FALCON., See HAWK (inf.). FALLOW-DEER (Cervus dama or dama vulgaris), believed by some to be signified by Hebrew, yahmur. The fallow-deer is scarce in the Holy Land and found only north of Mount Thabor. If it is mentioned at all in the Bible, it is probably ranked among the deer. FAWN (Prov., v, 19), for Hebrew, ya alah, feminine of ya’el which should be regularly, as it is in several passages, rendered by wild goat (ibex syriacus). See GOAT, WILD (inf.). FAUN.—An equivalent in D.V. (Jer., 1, 39), after St. Jerome, for Hebrew, ‘iyyim. St. Jerome explains that they were wild beings, denizens of deserts and woods, with a hooked nose, a horned forehead, and goat feet. He translated the Hebrew by fig-faun, adding to the original the adjective ficarii, possibly following in this the pagan idea which, supposing that figs incline to lust, regarded fig-groves a well fitted abode for fauns. The same Hebrew word is rendered Is., xiii, 22 by owls, and Is., xxxiv, 14, by monsters, which shows a great perplexity on the part of the translators. The true meaning being “howlers”, seems to point out the jackal, called the “howler” by the Arabs. FLEA, spoken of I K., xxiv, 15; xxvi, 20, as the most insignificant cause of trouble that may befall a man. FLOCK.—The flocks of Palestine include generally both sheep and goats: “The sheep eat only the fine herbage, whereas the goats browse on what the sheep refuse. They pasture and travel together in parallel columns, but seldom intermingle more closely, and at night they always classify themselves. The goats are for the most part black, the sheep white, dappled or piebald, forming a very marked contrast” (Tristram). The shepherd usually leads the flock, calling the sheep by their names from time to time; in his footsteps follows an old he-goat, whose stately bearing affords to the natives matter for several comparisons; the Arabs, indeed to this day, call a man of stately mien a “he-goat”. The shepherd at sunset waters his flock, folds them ordinarily in some of the many caves found on every hillside, and with trained dogs guards them at night.

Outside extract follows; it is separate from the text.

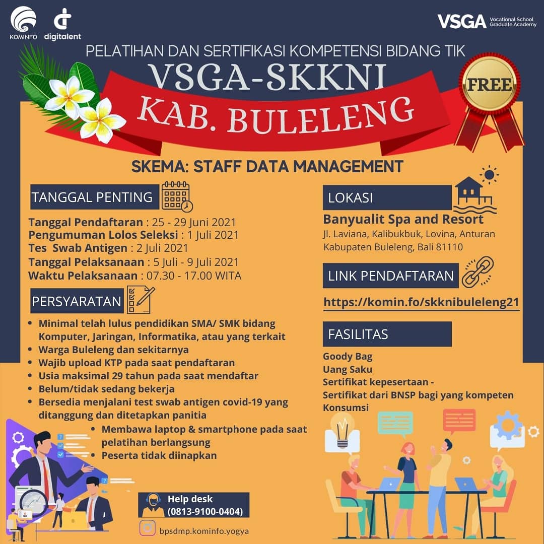 Pelatihan dan Sertivikasi Bidang TIK VSGA-SKKNI.Kab, Buleleng Ayo Daftar Segera

FLY., Two Hebrew words are thus translated: (I) ‘arobh is the name of the Egyptian fly of the fourth plague; this name, a collective one, though translated by dog-fly in the Septuagint, seems to signify all kinds of flies. Flies are at all times an almost insufferable nuisance; the common house-fly, with the gnat, vexes men, while gadflies of every description tsetse, cestru, hip poboscida, tabanus marocanus, etc., infest animals. (2) Zebhabh is likewise the collective name of the Palestinian fly, but more specifically of the gadfly. Though a trifle less annoying than in Egypt, flies were, however, deemed a plague severe enough in Palestine to induce the natives to have recourse to the power of a special god, Ba’al-zebhubh, the master of the flies, that they and their cattle be protected against that scourge. FOWL.—This word which, in its most general sense, applies to anything that flies in the air (Gen., i, 20, 21), and which frequently occurs in the Bible with this meaning, is also sometimes used in a narrower sense, as, for instance, III K., iv, 23, where it stands for all fatted birds that may be reckoned among the delicacies of a king’s table; so likewise Gen., xv, 11 and Is., xviii, 6, where it means birds of prey in general. In this latter signification allusions are made to their habit of perching on bare or dead trees, or of flocking together in great numbers. Fox.—Thus is usually rendered the Hebrew, shu’al, which signifies both fox and jackal, even the latter more often than the former. The fox, however, was well known by the ancient Hebrews, and its cunning was as proverbial among them as among us (Ezech., xiii, 4; Luke, xiii, 32). FROG. Though not rare in Palestine, this word is only mentioned in the O. T. in connection with the second plague of Egypt. Two species of frogs are known to live in the Holy Land: the rana esculenta, or common edible frog, and the hyla arborea, or green tree-frog. The former throngs wherever there is water. In Apoc., xvi, 13, the frog is the emblem of unclean spirits.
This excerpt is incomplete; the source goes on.